Meatless breakfast sausages and other dietary oxymorons are sprouting up everywhere. About six months ago, Wegmans created an aisle-long refrigerated section for products like those made by Morningstar and Boca, two leading manufacturers of fake meats. Even commercial grocers like P&C and Price Chopper now stock Boca Meatless Chik’n Patties and VegiDeli Frankfurters.
Today’s varieties of vegetarian meat surpass the floppy veggie dogs I knew. They are fast, easy, and prettier than raw flesh piled on Styrofoam. But what exactly are we eating?

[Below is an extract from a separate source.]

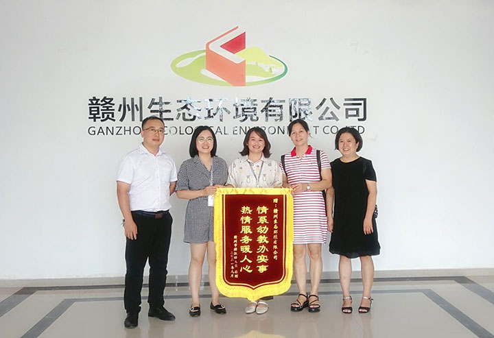 9月23日上午,贛州市濱江幼兒園園長(zhǎng)及家長(zhǎng)代表來(lái)到生態(tài)環(huán)境公司,為公司送來(lái)一面寫(xiě)著“熱情服務(wù)暖人心,情系幼教辦實(shí)事”的感謝錦旗。

The ingredients for fleshy fakery are, not surprisingly, fake. Most products contain some combination of isolated soy powder, acid-treated gluten, xanthan gum, and carrageenan (which comes from algae or seaweed) to name a few. Because their packages feature cartoon suns and farmers’ fields, we’re all convinced these science projects are actually food. But on closer inspection, they seem inedible. Soy wears the crown in the vegetarian protein empire. But for every heart-healthy label, there’s a skeptical scientist who argues that soy’s protein quality to its phytoestrogens to its mineral-blocking phytates might be worse for us than we’re told.
For every endorsement of soy starting with “studies suggest,” there’s an indictment that begins the same way. Before the Food and Drug Administration approved soy in 1999, two doctors from the administration called it a “two-edged sword” due to its isoflavones that increased estrogen levels in the human body. “People’s mentality with soy is that if a little is good, more must be better,” said Sudha Raj, a nutrition professor at Syracuse University. “We like to look to other cultures that eat soy and remark how healthy they are, but the truth is they are eating smaller quantities and processing it very differently than we do.”
It’s really strange that soy can be so quickly repackaged and re-engineered to imitate the food group its chief consumers abhor. The entry for meatless drumsticks on www.healthy-eating.com brags that they are “so much like chicken they even have skin.” Yum.
Local chef Debra Sorrentino suggested that a rising demand for convenience has pushed the trend toward packaged foods. “People always opt for easy,” she said. “They’re patronizing the products that are available instead of demanding higher quality.”
That’s my real beef. It’s not the animal rights folks who irk me, but the veg-head types who praise vegetarianism and then live on these processed products.
Dana Jacobi, a spokesperson for the Soyfoods Association of North America and the author of the cookbook The Joy of Soy, confirmed that soy bigwigs promote their products’ health benefits “purely for profit.”
So what’s a vegetarian or health nut to do? Well-known soy researcher Mark Messina recommends two servings of traditional soy foods like edamame, miso, or tempeh per day. This amount provides 15 grams of soy protein and a safe 50 milligrams of isoflavones. Common single-serving amounts of soy include half a cup of tofu, half a cup of roasted soy nuts, or eight ounces of soy milk.
While health food marketers are trying to convince us it’s a prime time to have our meat and not eat it too, they’re shoving junk food down our throats in myriad link-and-patty form. It all gets under my skin, which isn’t made of edible plastic composite. At least, not yet.